I enjoyed this post, both for its satire of a bunch of peoples' thinking styles (including mine, at times), and because IMO (and in the author's opinion, I think), there are some valid points near here and it's a bit tricky to know which parts of the "jokes/poetry" may have valid analogs.
I appreciate the author for writing it, because IMO we have a whole bunch of different subcultures and styles of conversation and sets of assumptions colliding all of a sudden on the internet right now around AI risk, and noticing the existence of the others seems useful, and IMO the OP is an attempt to collide LW with some other styles. Judging from the comments it seems to me not to have succeeded all that much; but it was helpful to me, and I appreciate the effort. (Though, as a tactical note, it seems to me the approximate failure was due mostly to piece's the sarcasm, and I suspect sarcasm in general tends not to work well across cultural or inferential distances.)
Some points I consider valid, that also appear within [the vibes-based reasoning the OP is trying to satirize, and also to model and engage with]:
1) Sometimes, talking a lot about a very specific fear can bring about the feared scenario. (An example I'm sure of: a friend's toddler stuck her hands in soap. My friend said "don't touch your eyes." The toddler, unclear on the word 'not,' touched her eyes.) (A possible example I'm less confident in: articulated fears of AI risk may have accelerated AI because humanity's collective attentional flows, like toddlers, has no reasonable implementation of the word "not.") This may be a thing to watch out for for an AI risk movement.
(I think this is non-randomly reflected in statements like: "worrying has bad vibes.")
2) There's a lot of funny ways that attempting to control people or social processes can backfire. (Example: lots of people don't like it when they feel like something is trying to control them.) (Example: the prohibition of alcohol in the US between 1917-1933 is said to have fueled organized crime.) (Example I'm less confident of: Trying to keep e.g. anti-vax views out of public discourse leads some to be paranoid, untrusting of establishment writing on the subject.)This is a thing that may make trouble for some safety strategies, and that seems to me to be non-randomly reflected in "trying to control things has bad vibes."
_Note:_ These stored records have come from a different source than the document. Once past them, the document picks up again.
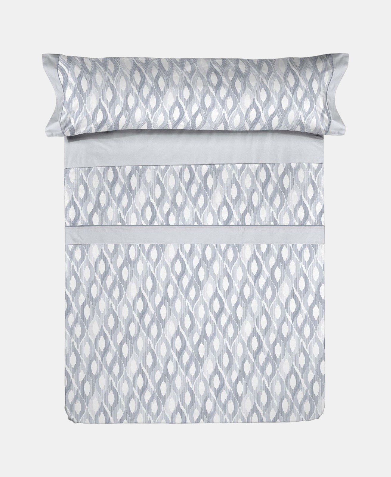 Juego de sábanas de Pierre cardin. Confeccionado en una equilibrada mezcla de algodón y poliéster, este juego ofrece una textura suave, fresca y duradera, perfecta para los meses más cálidos del año. Su diseño estampado aporta un aire moderno y relajante, adaptándose con facilidad a distintos estilos de dormitorio.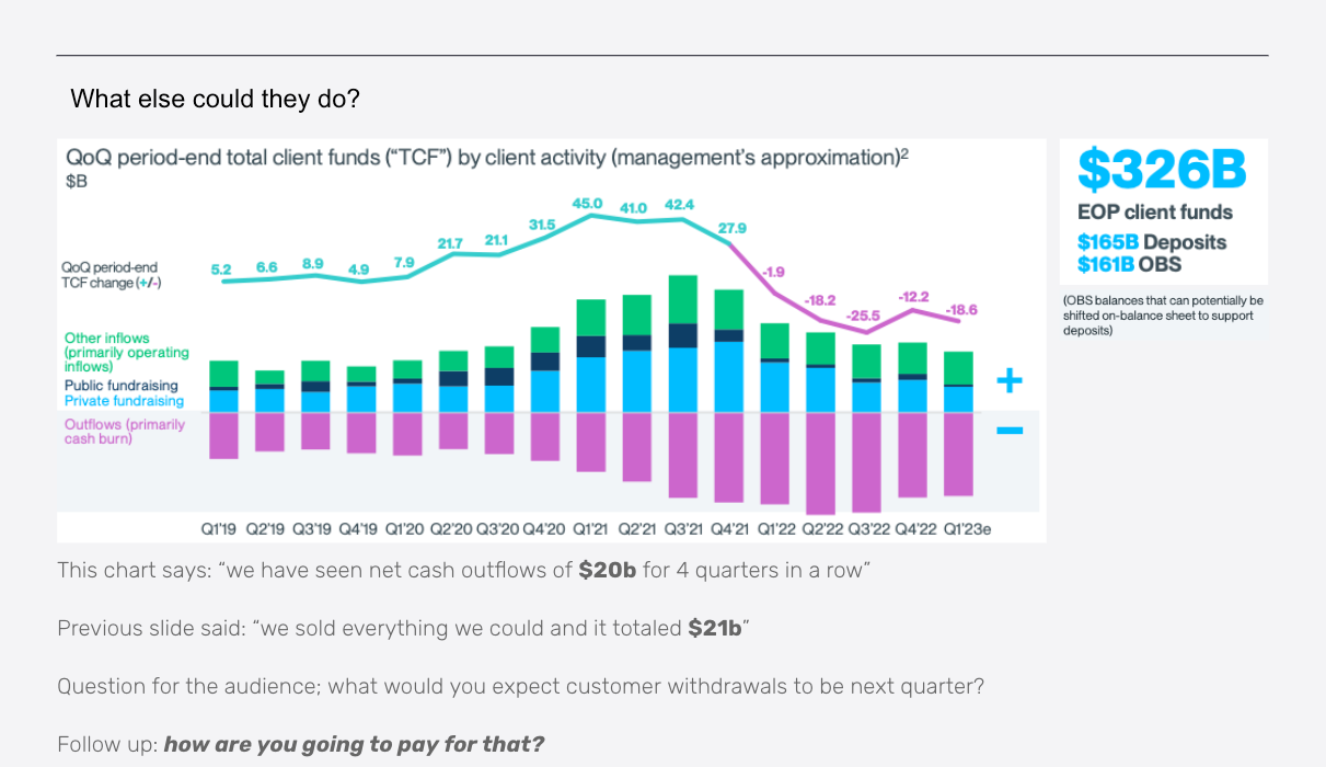 If there’s an alternate way to read slide 16 in their “strategic” announcement deck, I’d love to hear it. I imagine SVB would have been ok in Q2, but the question the deck leaves me with is “how many quarters of negative $20b in client funds can your bank sustain?”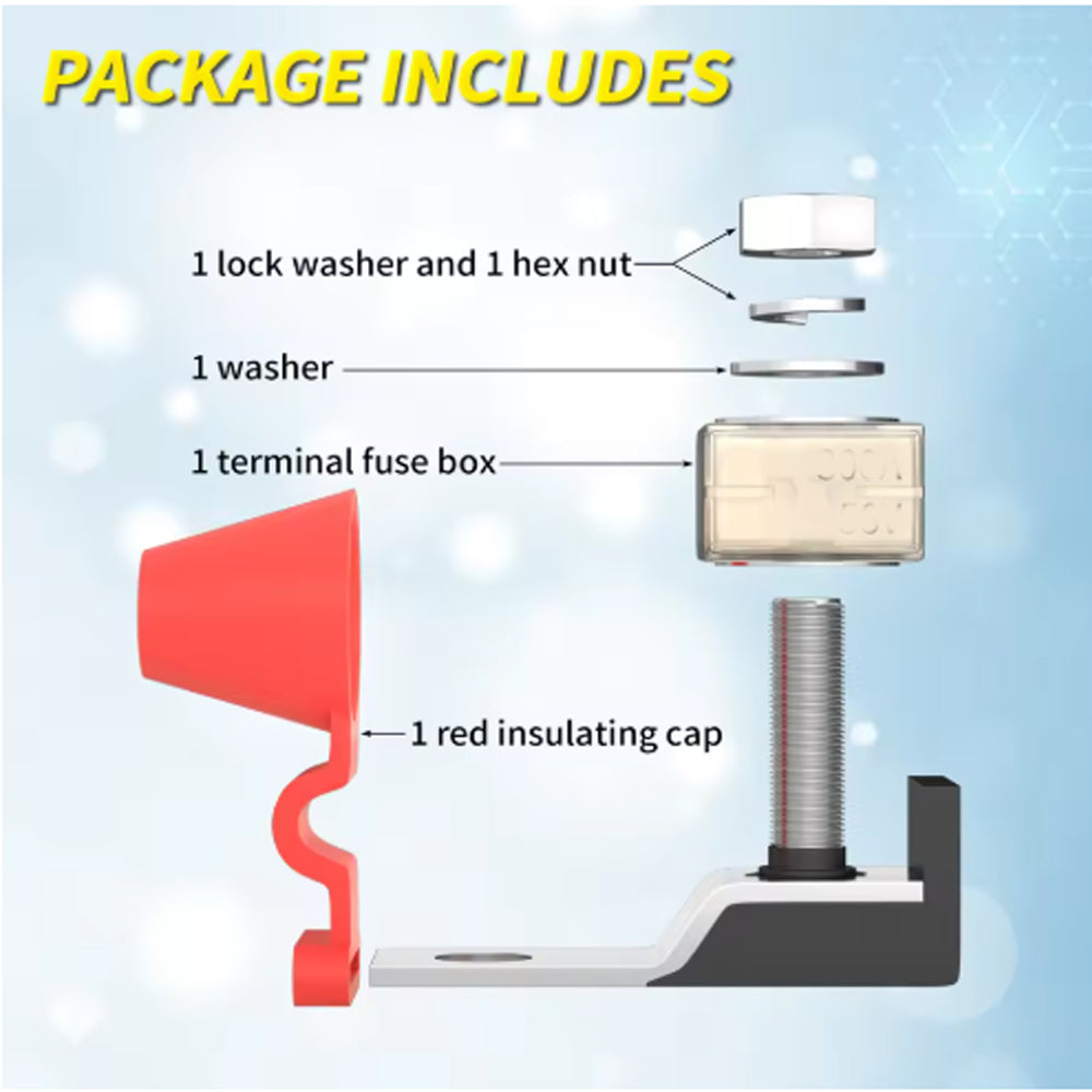 - What You Get: Package includes 1 terminal fuse box, 1 red insulating cap, 1 washer, 1 lock washer and 1 hex nut.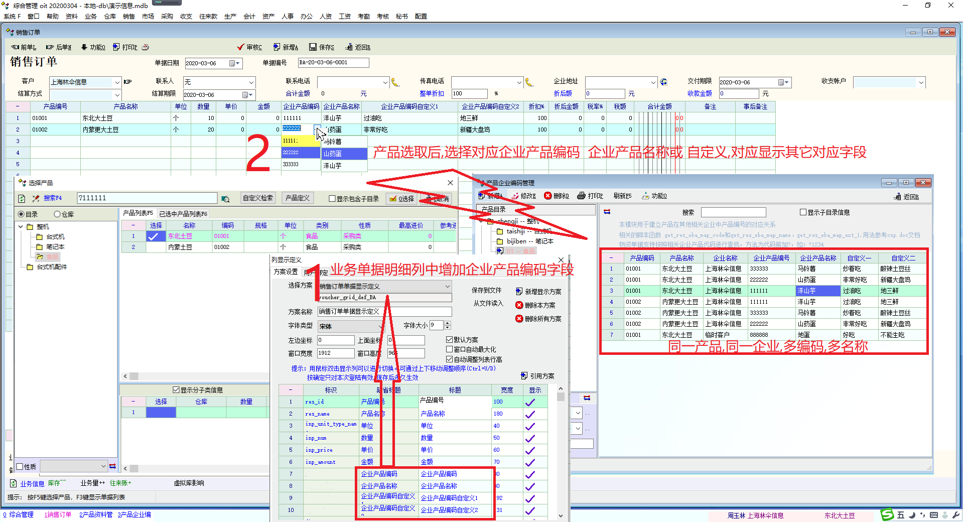 如图所示 产品编码不同企业对照虽然有脚本对应,并不能体现该功能的强大,希望能增强 1.业务单据中 明细列表定义 中增加 不同企业产品编码 名称 自定义 相应字段 2.对同一产品 同一企业,多编码,多名称的使用 业务单据产品选取后,在不同企业产品编码或名称中,输入对应编码或名称,对应自动填写其它相应字段 或者直接类似字典操作,直接选取不同企业产品编码或名称,对应自动填写其它相应字段 |

(Though, all things considered, I still favor trying to slow things! And I care about trying to slow things.)
3) There're a lot of places where different schelling equilibria are available, and where groups can, should, and do try to pick the equilibrium that is better. In many cases this is done with vibes. Vibes, positivity, attending to what is or isn't cool or authentic (vs boring), etc., are part of how people decide which company to congregate on, which subculture to bring to life, which approach to AI to do research within, etc. -- and this is partly doing some real work discerning what can become intellectually vibrant (vs boring, lifeless, dissociated).
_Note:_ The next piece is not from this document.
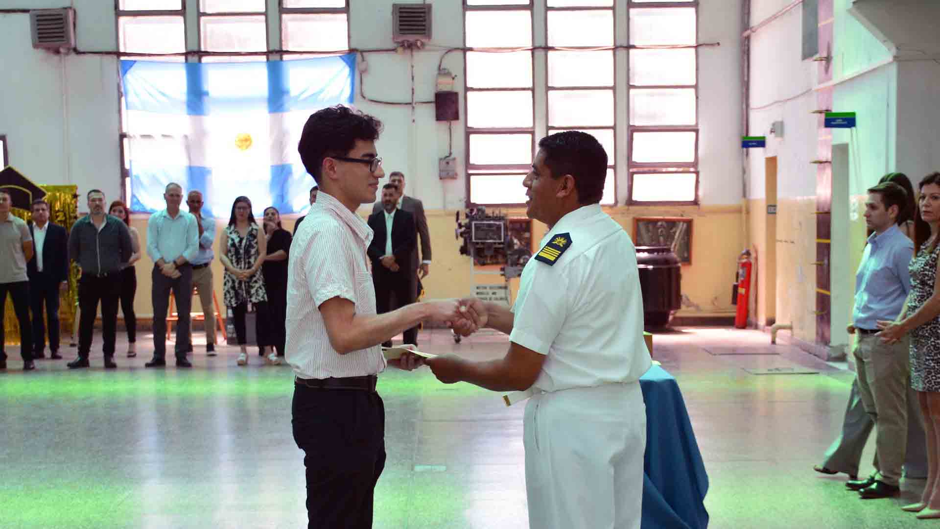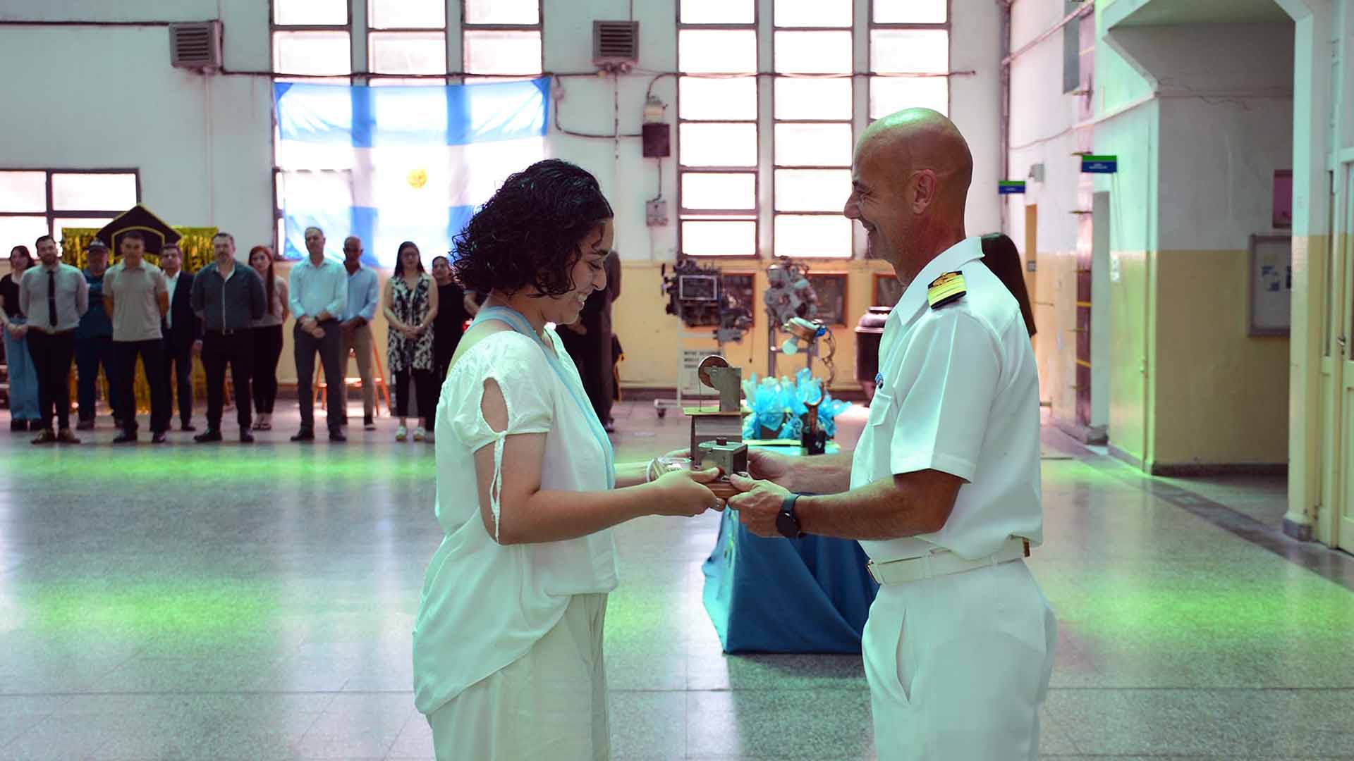 El acto marcó el cierre del presente ciclo lectivo de la institución que forma a sus alumnos en las especialidades de Máquinas Navales, Estructuras Navales, Motores Navales, Carpintería Naval, Electricidad Naval y Electrónica Naval.

TBC, I would not want to use vibes-based reasoning in place of reasoning, and I would not want LW to accept vibes in place of reasons. I would want some/many in LW to learn to model vibes-based reasoning for the sake of understanding the social processes around us. I would also want some/many at LW to sometimes, if the rate of results pans out in a given domain, use something like vibes-based reasoning as a source of hypotheses that one can check against actual reasoning. LW seems to me pretty solid on reasoning relative to other places I know on the internet, but only mediocre on generativity; I think learning to absorb hypotheses from varied subcultures (and from varied old books, from people who thought at other times and places) would probably help, and the OP is gesturing at one such subculture.
I'm posting this comment because I didn't want to post this comment for fear of being written off by LW, and I'm trying to come out of more closets. Kinda at random, since I've spent large months or small years failing to successfully implement some sort of more planned approach.